Sea Monkeys have been around since the 1950s, and for most of their existence, they were cheap in their disappointment. You spent three bucks ($9 these days) and got a plastic tank and a packet with dessicated shrimp that “magically” came back to life when you dumped them into water. (The scientific term is cryptobiosis – the eggs enter a state of suspended animation when removed from water and resume their life cycle when rehydrated.)

Not content with this cheap disappointment, the manufacturer has released a $49 projector-tank so you can see a shadow play by your tiny, disgusting crustaceans. Watch them float around in water, eating the tiny pieces of yeast you feed them! Watch them… uh… exist… alive… maybe! Watch the dead ones exist very similarly to the alive ones! Like most of the American dreams from the 1950s, it was a brazen lie, perpetrated by brazen profiteers, yet continues to beguile our society to this day.

ASDF: A Default Item Name

asdf-autosexual

There are dozens of items titled “ASDF” for sale online. Here’s a selection of them:

“ASDF” by S. Ashton: A $6.89 paperback which appears to only contain IRS publication 10311G, the instructions for filing your federal 2012 tax return.

“ASDF: An Autosexual Odyssey”: A 398-page work of cyber-erotica which begins “Seldom do I post poetry to my blog, but”.

asdf: An audio CD available for $1.08 with a review from 2004 stating “I would recommend this CD for anyone who is into QWERTY.”

ASDF: A toy car that costs $51.82.

“ASDF: A Novelette”: a book whose author compares it to Finnegan’s Wake, which is probably true.

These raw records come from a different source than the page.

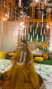 Mehrunisa Iqbal’s Mayun Event: An Unforgettable CelebrationOn her social media, the talented actress shared a touching video from her Mayun ceremony. Mehrunisa looked stunning in a gorgeous mustard yellow outfit made from chiffon and silk; the rich yellow was perfect for the festive occasion.
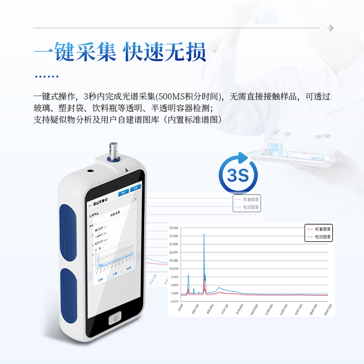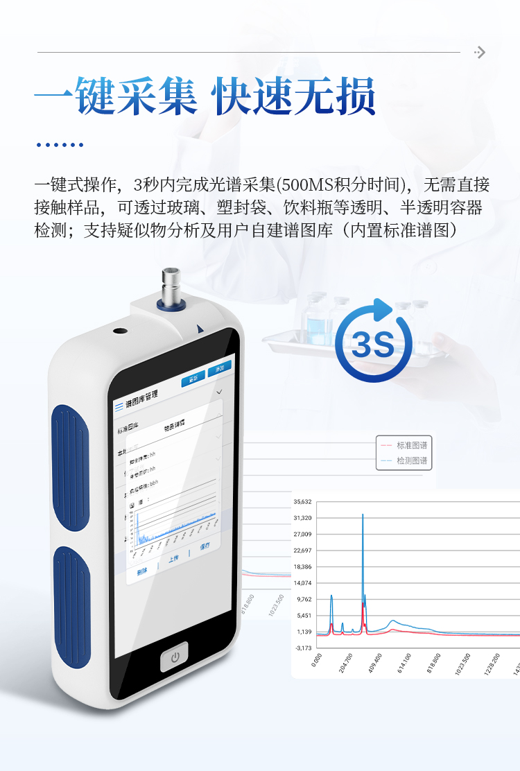 高效检测:一键式操作,3秒内完成光谱采集(500ms积分时间),无需直接接触样品,可透过玻璃、塑封袋、饮料瓶等透明、半透明容器检测;支持疑似物分析及用户自建谱图库(内置标准谱图);
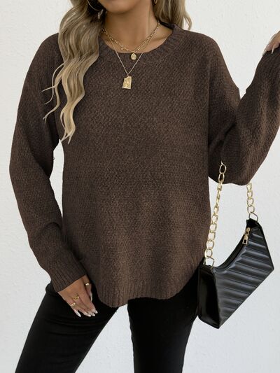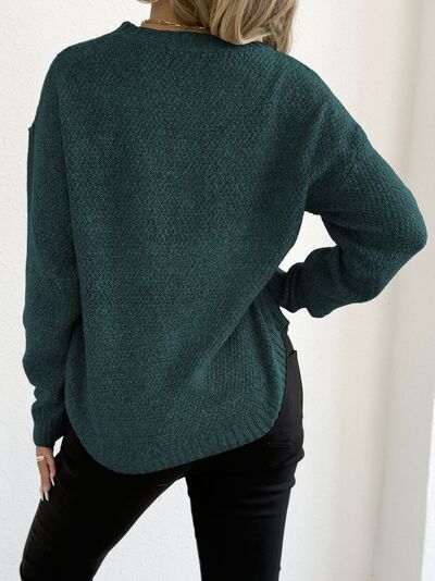 Textured Knit Relaxed Fit Round Neck Sweater

It’s probably a lot like Finnegan’s Wake.

“asdf” by asdfasdf: A book which will be released January 1, 3333. No cover image yet, for obvious reasons.

“asdf [Single]“: A cassette single whose only picture is that of a chess set. It’s $24.18, and also out of stock.



Cheetahmen II: A Horrible Video Game

cheetahmen

Cheetahmen II is the sequel to the terrible game Cheetahmen, released in the early 90s on a Nintendo cartridge called “Action 52.” This was a cartridge which held 52 different terrible games, and retailed for $199. For a single game. I remember renting this piece of shit when I was a kid and feeling cheated out of two bucks. Plunking down almost two hundo would have been emotionally shattering. Cheetahmen was one of the 52 games on there, and it was as horrible as the other 51, being mostly un-fun and somewhat unplayable. Keep in mind that in 1992, your other options for fun, apart from Nintendo, were playing outside or watching TV, so it wasn’t competing against much, but it still lost.

The manufacturers decided to make a sequel, and cranked out Cheetahmen II, which, despite the fact that it’s reportedly worse than the first game, is now a collectible, selling for almost $400. I can’t believe this shitty game is still haunting the world. If we can’t get rid of Cheetahmen, we don’t have a chance at conquering true injustice.